- Data section -
________________________________________
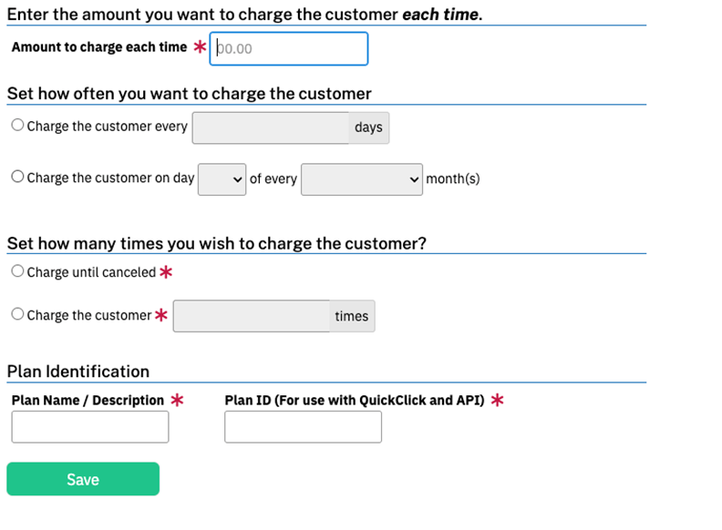 - If you want to charge the customer a specific amount of times, choose the second radio button, and specify how many times you wish to charge the customer.
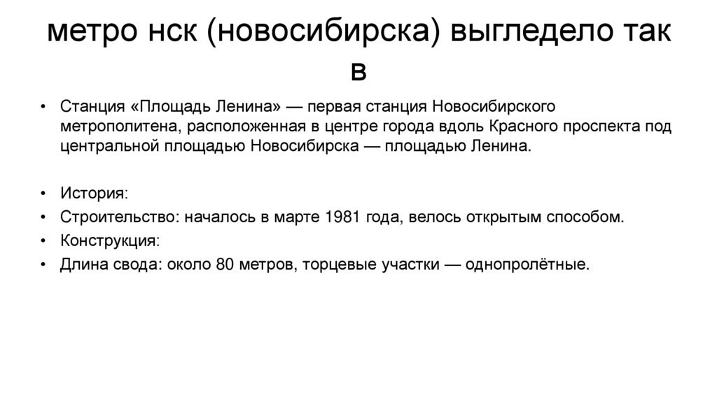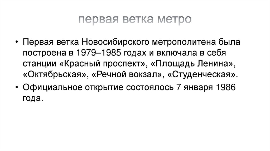 • Первая ветка Новосибирского метрополитена былапостроена в 1979–1985 годах и включала в себя
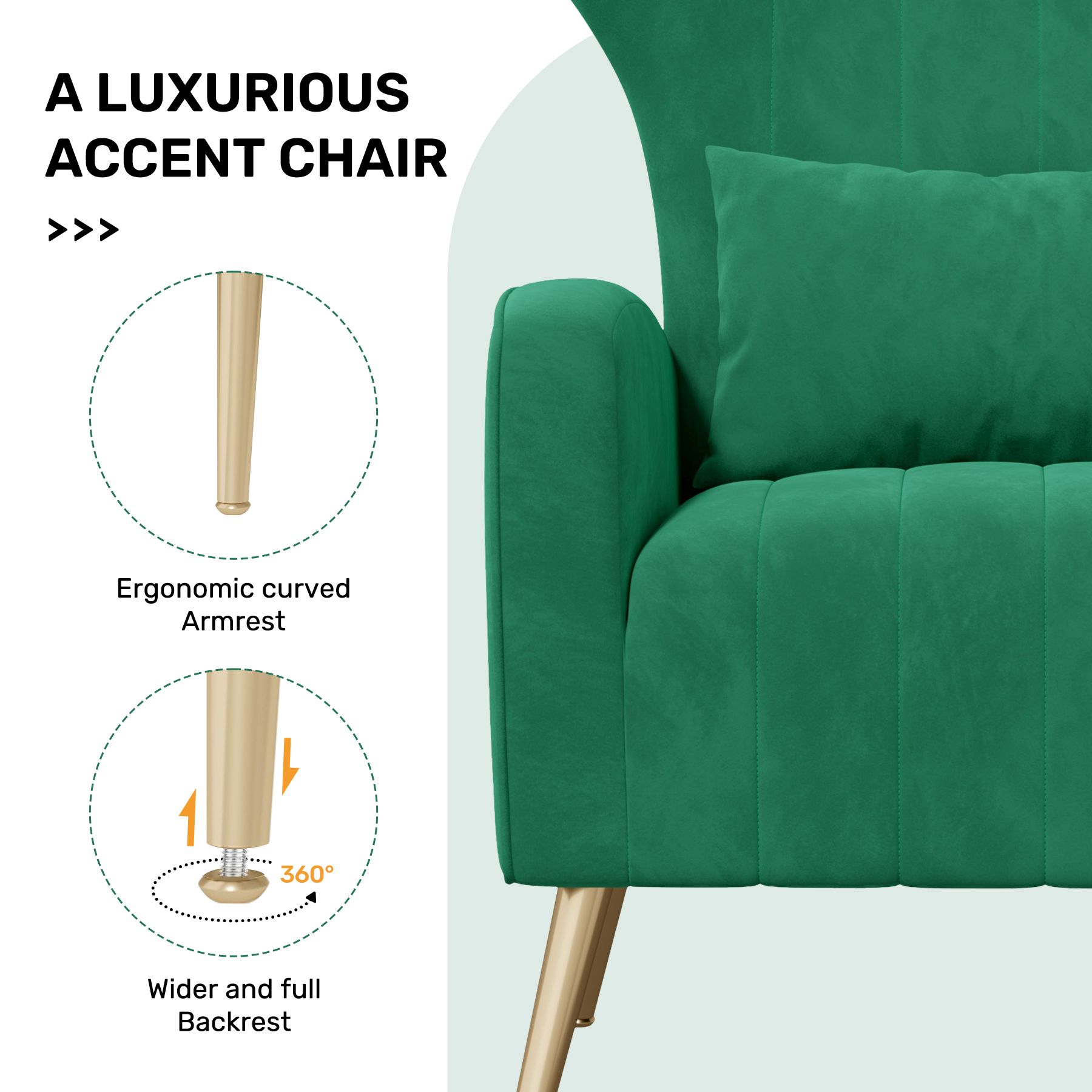 Creative Design: This modern arm chair has a distinctive wingback like A Queen Chair design. Furthermore, the built-in S-shaped springs assure long-term use.
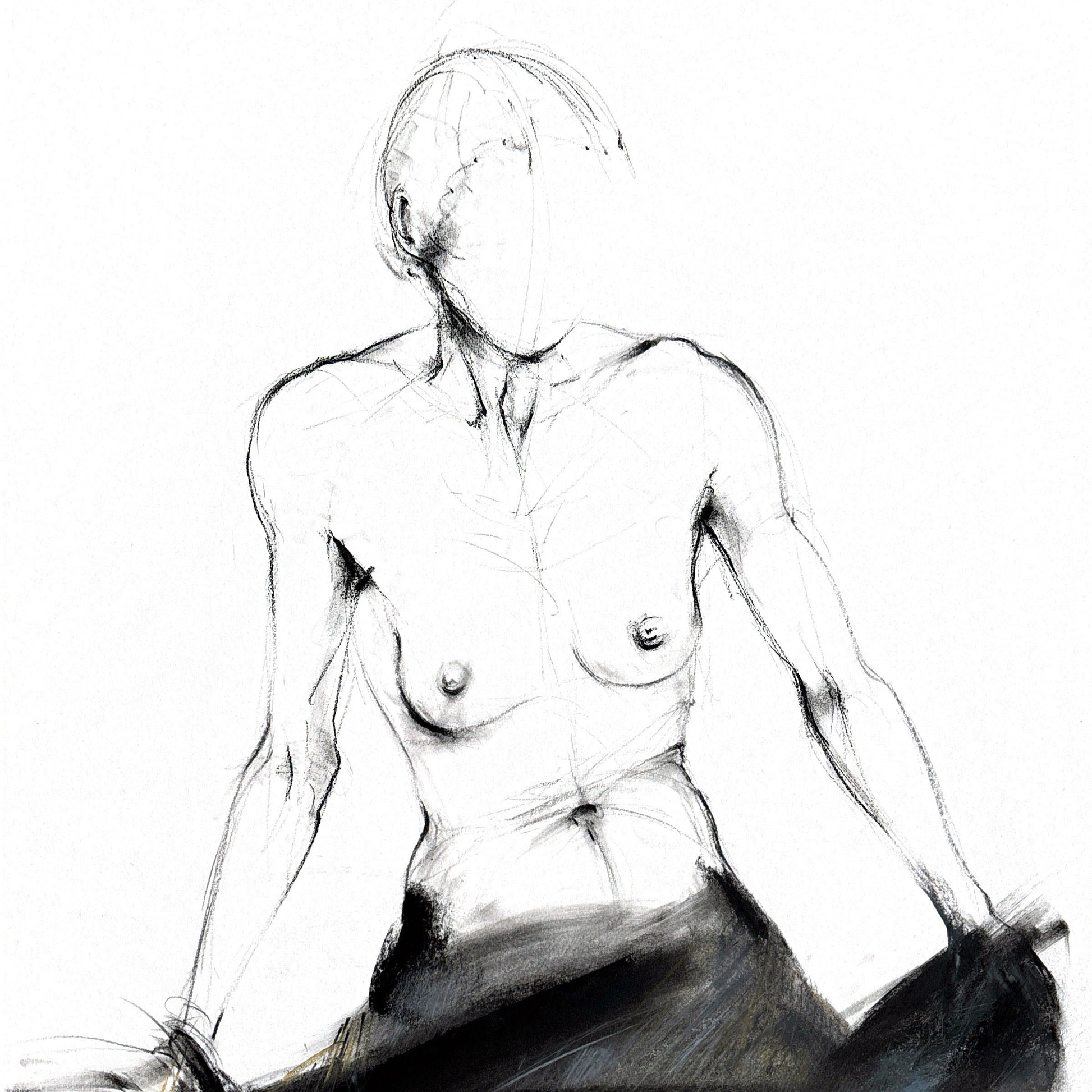 Conçue d’après modèle vivant, la pièce met en avant l’instant où le trait devient presque textile. Le pastel suggère la matière d’une robe en devenir, tandis que la pierre noire structure le volume du corps, révélant une scène à la fois intime et élégante.
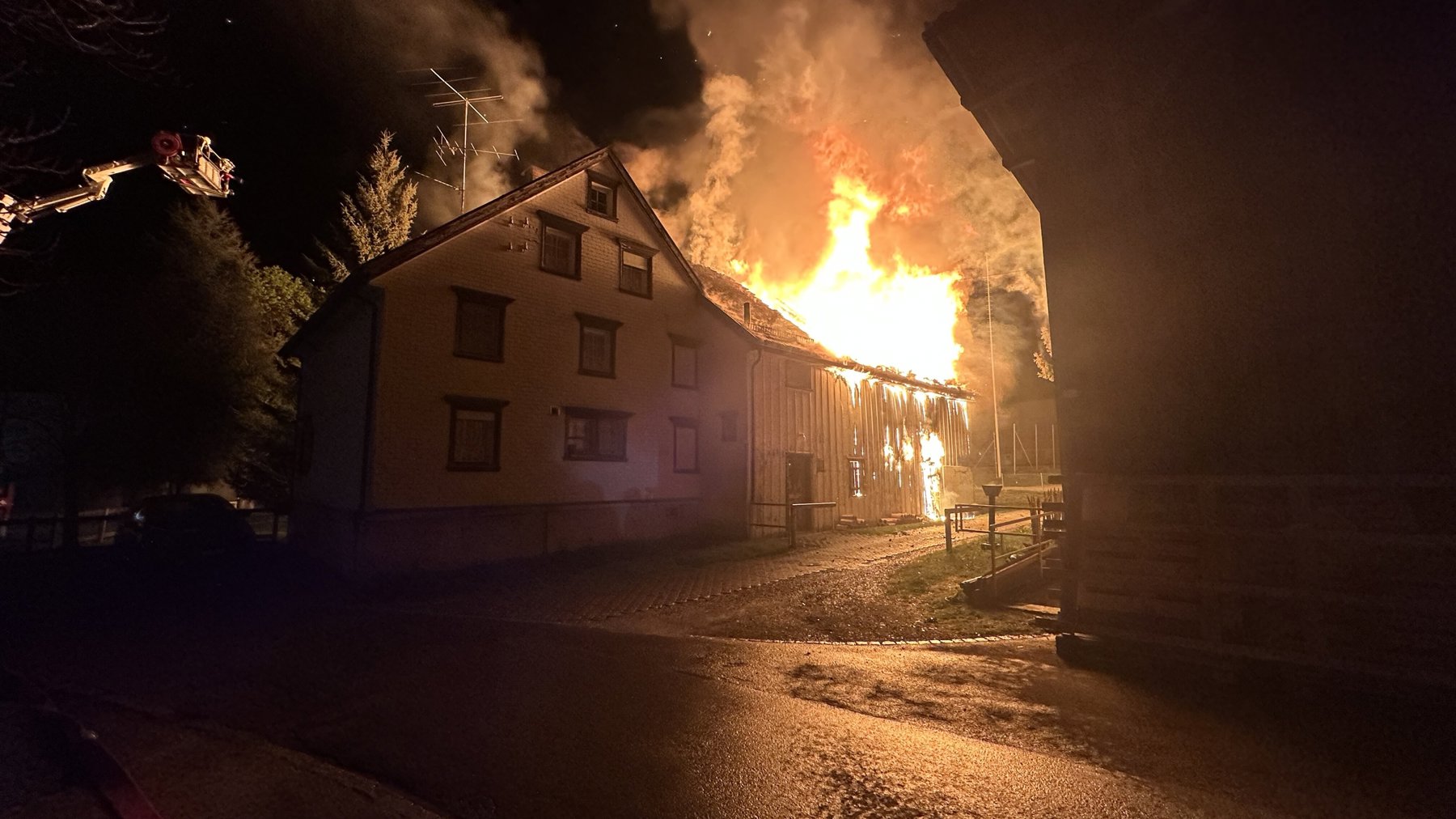 Ein Übergreifen des Feuers auf das Wohnhaus liess sich nicht verhindern. Deshalb entstand an diesem ebenfalls ein erheblicher Sachschaden.
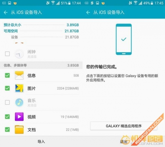 以前每次换手机,联系人、信息、照片等各类信息传输到新手机是一件很麻烦的事情,虽然后来有了各种工具实现手机对手机直接传输,不过基本上都得安装软件才行。S6自带了smart switch软件,其实这类软件现在好多手机厂商都在提供,既然已经预装了,就直接使用了,惊喜的是从水果手机把资料传输到S6不需要在iOS上安装任何客户端,方便极了。
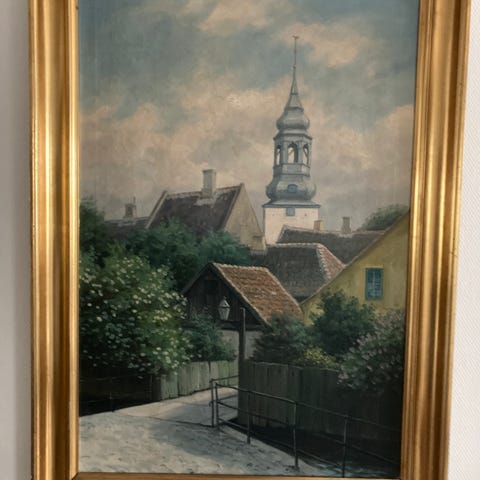 F. Svendsen - bybillede maleri med guldramme
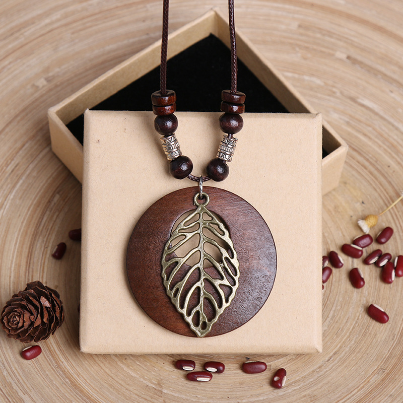 国境を越えたアマゾンの新しいレトロな綿麻は民族風木質合金の木の葉の長いネックレスの女性のセーターの鎖を飾っている
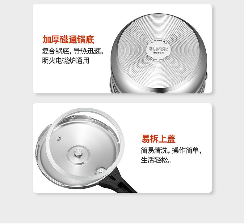 Supor 304 ステンレス鋼圧力鍋 Yueti 家庭用ガス電磁調理器ユニバーサル YW223BA2/BB2/EY22
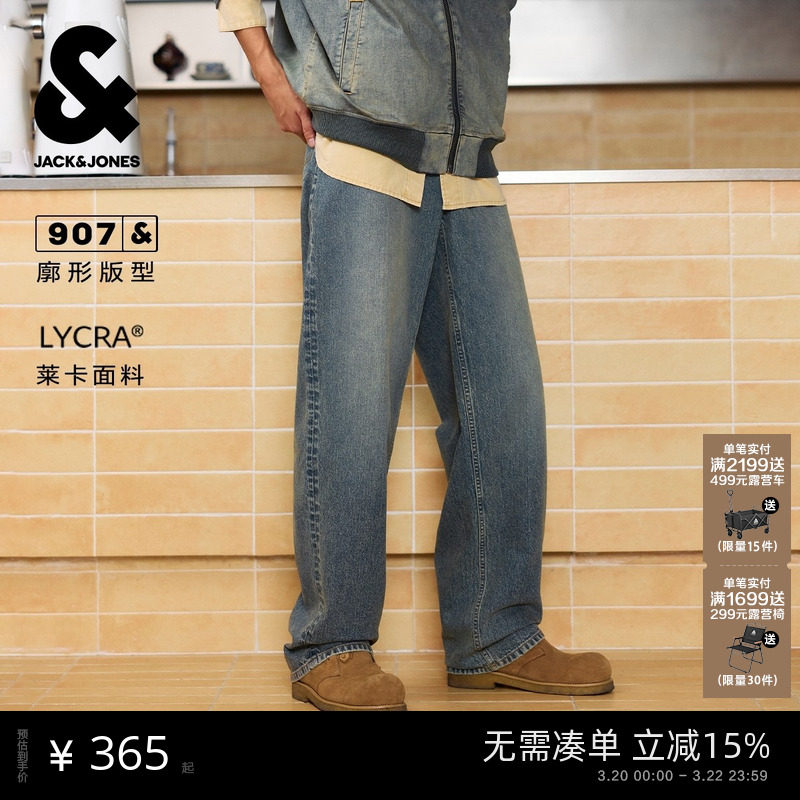 907杰克琼斯男装春季复古莱卡宽松廓形美式黄泥男士牛仔裤长裤子
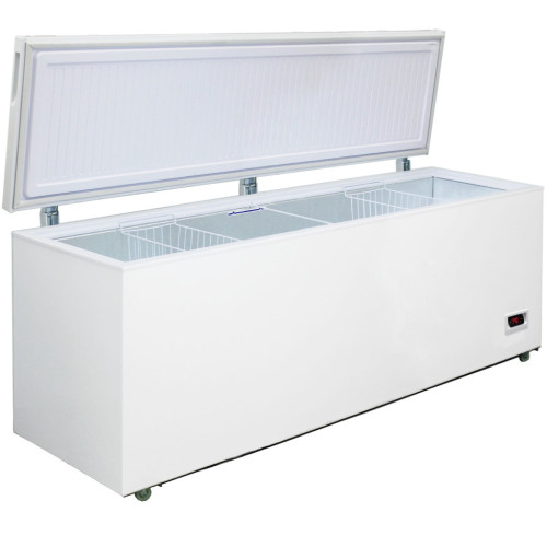 Морозильный ларь Бирюса 680FKDQ с глухой крышкой и цифровым дисплеем. Имеет две подвесные корзины. Внутренний объем камеры оставляет 600 литров. Способен замораживать до 43 кг продуктов в сутки. Размораживание проводится в ручном режиме.
________________________________________
- Try it -
Make an exact copy of the lines above, beginning with the line with "включала в себя" and ending with the line with "Creative Design: This", and keep the pictures out of it.

- Problem solution -
 • Первая ветка Новосибирского метрополитена былапостроена в 1979–1985 годах и включала в себя
 Creative Design: This modern arm chair has a distinctive wingback like A Queen Chair design. Furthermore, the built-in S-shaped springs assure long-term use.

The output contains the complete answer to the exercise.